• **Working data**:
_____
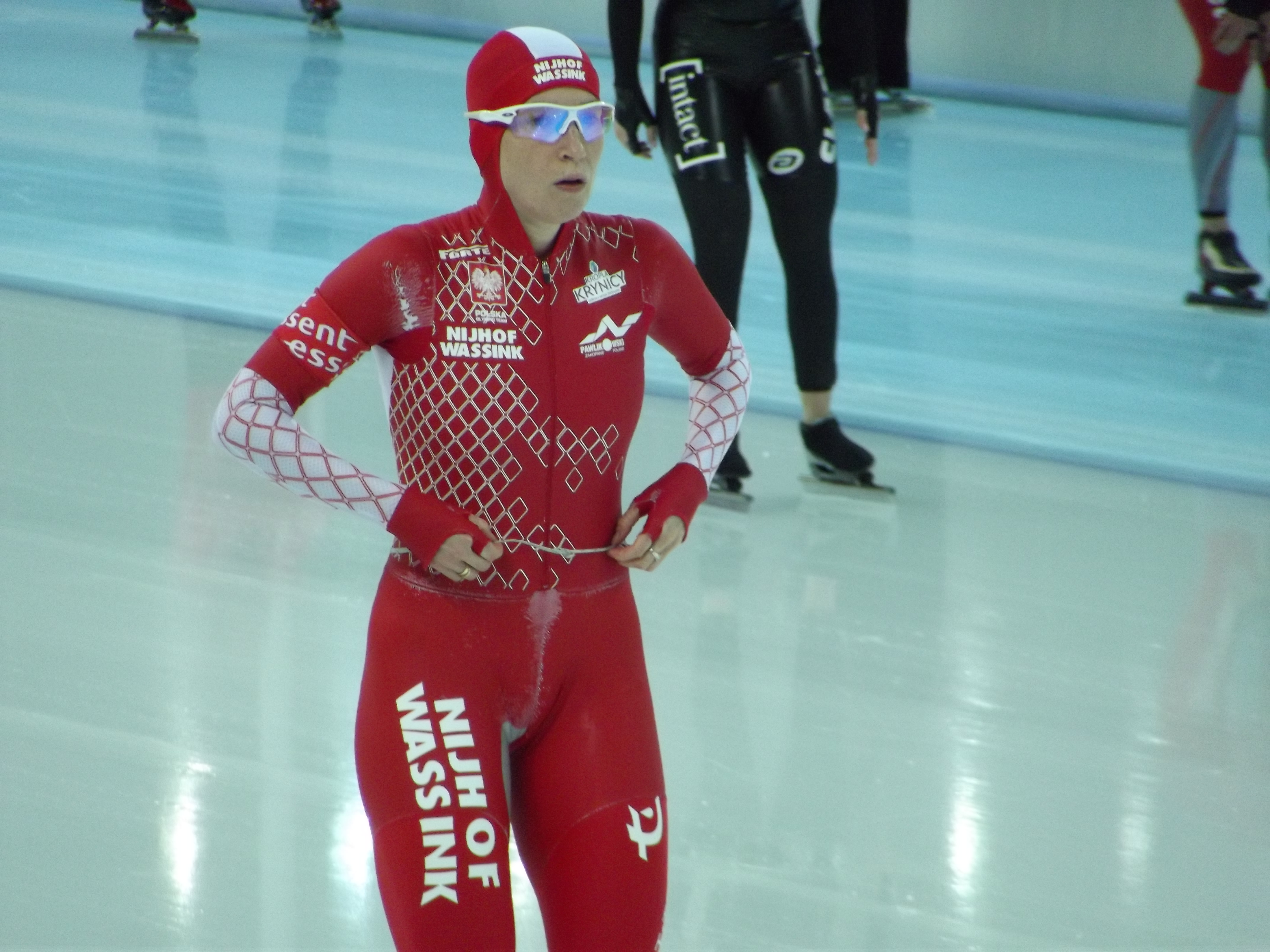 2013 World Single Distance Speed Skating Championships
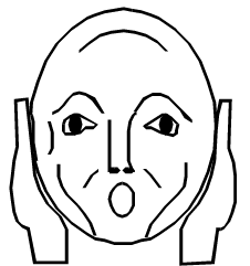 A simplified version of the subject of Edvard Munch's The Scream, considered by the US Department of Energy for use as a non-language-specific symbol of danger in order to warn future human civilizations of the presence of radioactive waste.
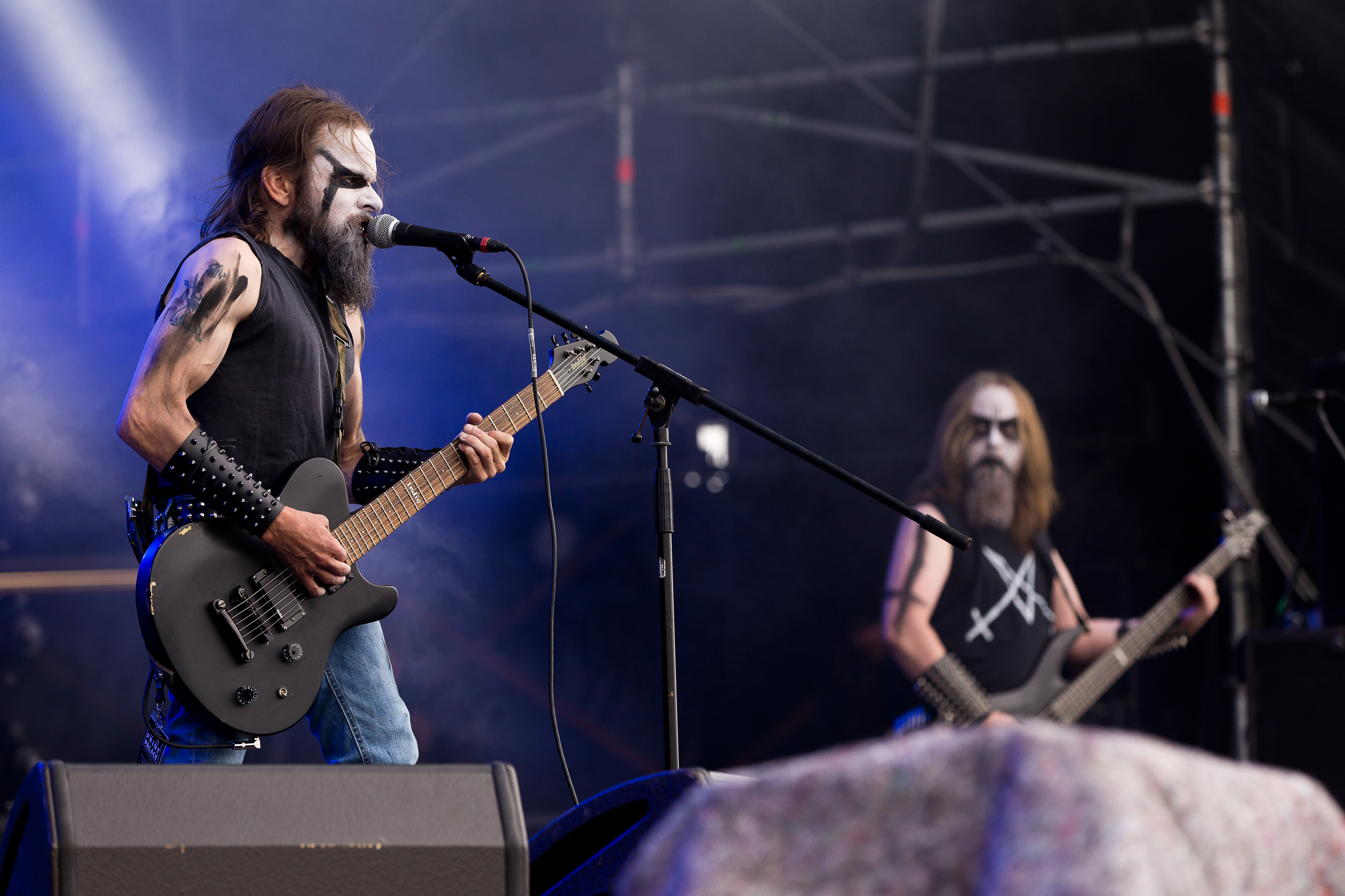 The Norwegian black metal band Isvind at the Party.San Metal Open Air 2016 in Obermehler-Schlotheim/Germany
_____
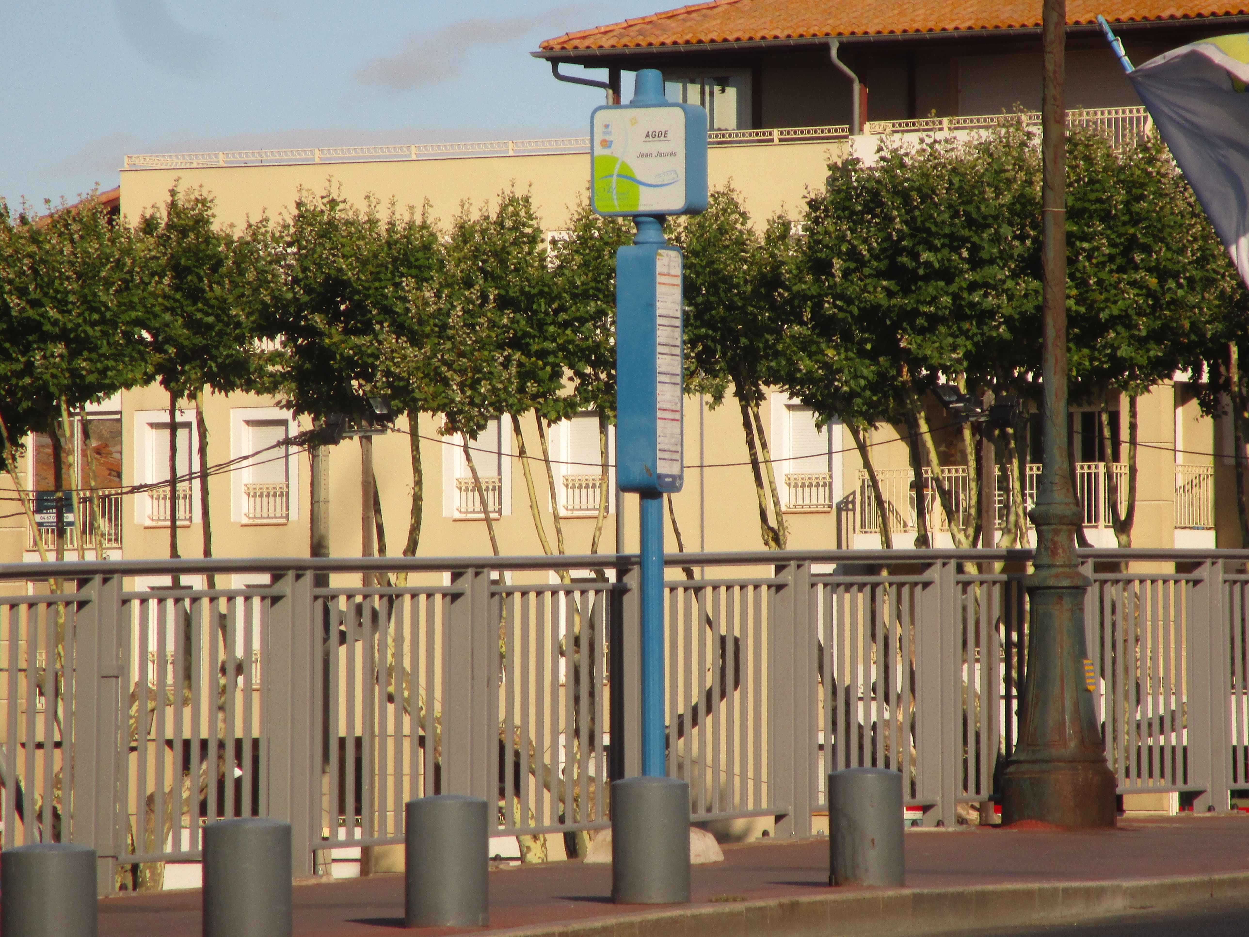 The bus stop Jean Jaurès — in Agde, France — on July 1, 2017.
_____
• **Exercise instructions**:
Nothing but the lines from the one with "2013 World Single" to the one with "The Norwegian black" above, both included, should be transcribed, exactly and without pictures.

• **Your response**:
 2013 World Single Distance Speed Skating Championships
 A simplified version of the subject of Edvard Munch's The Scream, considered by the US Department of Energy for use as a non-language-specific symbol of danger in order to warn future human civilizations of the presence of radioactive waste.
 The Norwegian black metal band Isvind at the Party.San Metal Open Air 2016 in Obermehler-Schlotheim/Germany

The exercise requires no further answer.